» **Your assignment**
Copy out the data word for word. The images are not part of the copy.

» **Data extract**
----------------

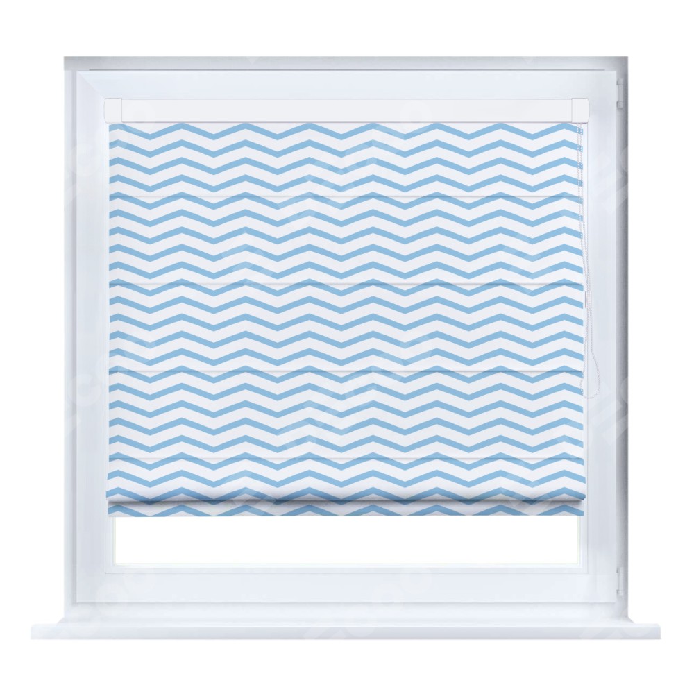 Римская штора производителя «Cortin», устанавливается на створку окна, пошита из ткани блэкаут с нанесением сублимационной печати «Зигзаг мелкий». Штора шьётся по индивидуальным размерам, для данного типа римской шторы возможная ширина от 35 до 150 см., высота до 250 см.
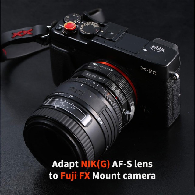* 【Funkce】Pomocí tohoto adaptéru můžete připojit objektivy Nikon s bajonetem G/F/AI/AIS/D/AF-S k bezzrcadlovkám Fujifilm řady X s bajonetem X FX. Na tomto adaptéru můžete ručně nastavit clonu pro svůj objektiv Nikon (G).
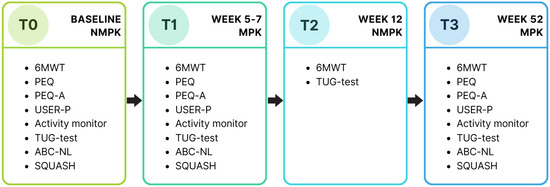 In total, the participants were monitored for a year and performed four measurements. The first two measurements of this study were integrated into the standard care process and are described in this paper. Two follow-up measurements after the trial period will be published separately. A baseline measurement (T0) was performed while the participants were using their own NMPK (Figure 2). One week later, they received an MPK to start the trial period. During this trial period, they received 30 min of physical therapy twice a week. In the last week of the trial period, all measurements were repeated while using the MPK (T1). After the trial period, participants switched back to their NMPK, and after four weeks of getting used to that, the six-minute walking test (6MWT) and timed up and go test (TUG-test) were repeated (T2). In the case that the application for an MPK was approved by the health insurance company and the participant started using the MPK, the measurements were repeated again (T3), nine months after T2. A timeline of the measurements is displayed in Figure 2.
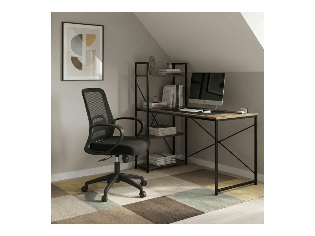 Pracovný stôl značky Autronic v industriálnom štýle kombinuje funkčnosť a moderný design. Hnedá MDF doska s dubovým dekorom a matnou úpravou prináša do interiéru teplý, prírodný vzhľad. Stabilná čierna kovová konštrukcia so štvorcovými nohami zaručuje pevnosť a odolnosť. Praktické polície po strane poskytujú dostatok úložného priestoru pre knihy, dokumenty alebo dekorácie, čo oceníte v každej pracovni. Stôl sa hodí do domácej kancelárie či pracovne a vďaka svojmu industriálnemu vzhľadu ľahko zapadne do moderných interiérov. Rozmer police: 60 x 21 cm.

----------------

» **Answer section**
 Римская штора производителя «Cortin», устанавливается на створку окна, пошита из ткани блэкаут с нанесением сублимационной печати «Зигзаг мелкий». Штора шьётся по индивидуальным размерам, для данного типа римской шторы возможная ширина от 35 до 150 см., высота до 250 см.
* 【Funkce】Pomocí tohoto adaptéru můžete připojit objektivy Nikon s bajonetem G/F/AI/AIS/D/AF-S k bezzrcadlovkám Fujifilm řady X s bajonetem X FX. Na tomto adaptéru můžete ručně nastavit clonu pro svůj objektiv Nikon (G).
 In total, the participants were monitored for a year and performed four measurements. The first two measurements of this study were integrated into the standard care process and are described in this paper. Two follow-up measurements after the trial period will be published separately. A baseline measurement (T0) was performed while the participants were using their own NMPK (Figure 2). One week later, they received an MPK to start the trial period. During this trial period, they received 30 min of physical therapy twice a week. In the last week of the trial period, all measurements were repeated while using the MPK (T1). After the trial period, participants switched back to their NMPK, and after four weeks of getting used to that, the six-minute walking test (6MWT) and timed up and go test (TUG-test) were repeated (T2). In the case that the application for an MPK was approved by the health insurance company and the participant started using the MPK, the measurements were repeated again (T3), nine months after T2. A timeline of the measurements is displayed in Figure 2.
 Pracovný stôl značky Autronic v industriálnom štýle kombinuje funkčnosť a moderný design. Hnedá MDF doska s dubovým dekorom a matnou úpravou prináša do interiéru teplý, prírodný vzhľad. Stabilná čierna kovová konštrukcia so štvorcovými nohami zaručuje pevnosť a odolnosť. Praktické polície po strane poskytujú dostatok úložného priestoru pre knihy, dokumenty alebo dekorácie, čo oceníte v každej pracovni. Stôl sa hodí do domácej kancelárie či pracovne a vďaka svojmu industriálnemu vzhľadu ľahko zapadne do moderných interiérov. Rozmer police: 60 x 21 cm.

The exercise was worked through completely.